REQUIRED WORK: Retype every line from the start of the entries below down to the line with "Including: two chairs, a", both ends included; skip the pictures.

RECORDS SUPPLIED:
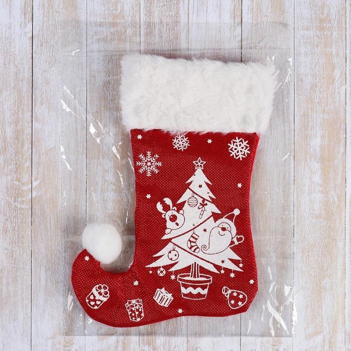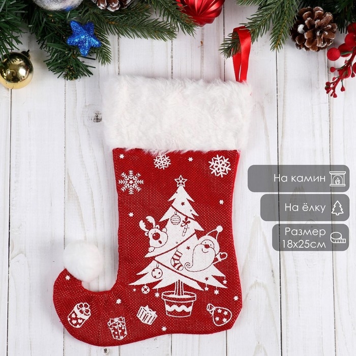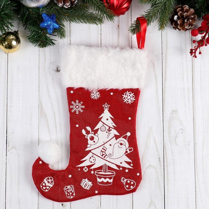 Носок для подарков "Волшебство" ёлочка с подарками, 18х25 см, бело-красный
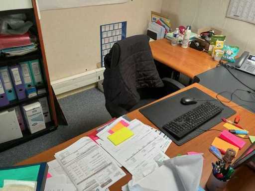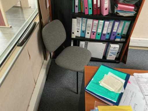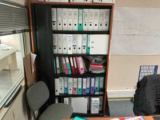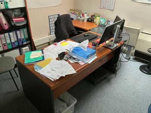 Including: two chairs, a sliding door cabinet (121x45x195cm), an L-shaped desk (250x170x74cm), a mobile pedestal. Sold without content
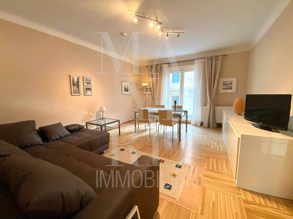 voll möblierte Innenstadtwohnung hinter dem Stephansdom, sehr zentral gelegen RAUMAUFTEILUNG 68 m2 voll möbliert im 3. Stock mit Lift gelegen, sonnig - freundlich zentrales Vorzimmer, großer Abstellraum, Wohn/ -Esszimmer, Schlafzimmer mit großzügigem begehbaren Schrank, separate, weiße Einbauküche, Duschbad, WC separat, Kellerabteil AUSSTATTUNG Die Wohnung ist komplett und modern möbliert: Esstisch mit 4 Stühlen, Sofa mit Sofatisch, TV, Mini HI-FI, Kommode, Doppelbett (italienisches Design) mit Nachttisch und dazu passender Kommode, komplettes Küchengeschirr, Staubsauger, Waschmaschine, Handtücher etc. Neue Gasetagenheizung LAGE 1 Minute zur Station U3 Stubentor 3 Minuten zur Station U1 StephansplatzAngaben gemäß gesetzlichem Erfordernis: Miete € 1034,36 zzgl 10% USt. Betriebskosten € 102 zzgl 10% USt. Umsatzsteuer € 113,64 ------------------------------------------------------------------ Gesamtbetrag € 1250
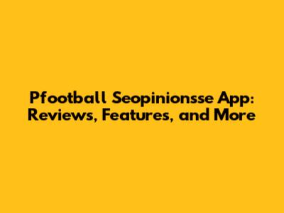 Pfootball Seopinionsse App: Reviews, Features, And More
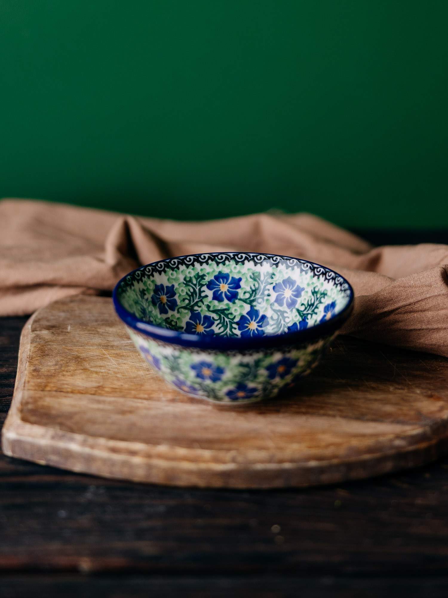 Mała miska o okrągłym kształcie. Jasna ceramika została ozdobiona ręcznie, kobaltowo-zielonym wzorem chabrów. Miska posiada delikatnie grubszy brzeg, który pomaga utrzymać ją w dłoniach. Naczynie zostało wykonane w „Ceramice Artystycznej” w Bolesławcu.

RESPONSE TO THE EXERCISE:
 Носок для подарков "Волшебство" ёлочка с подарками, 18х25 см, бело-красный
 Including: two chairs, a sliding door cabinet (121x45x195cm), an L-shaped desk (250x170x74cm), a mobile pedestal. Sold without content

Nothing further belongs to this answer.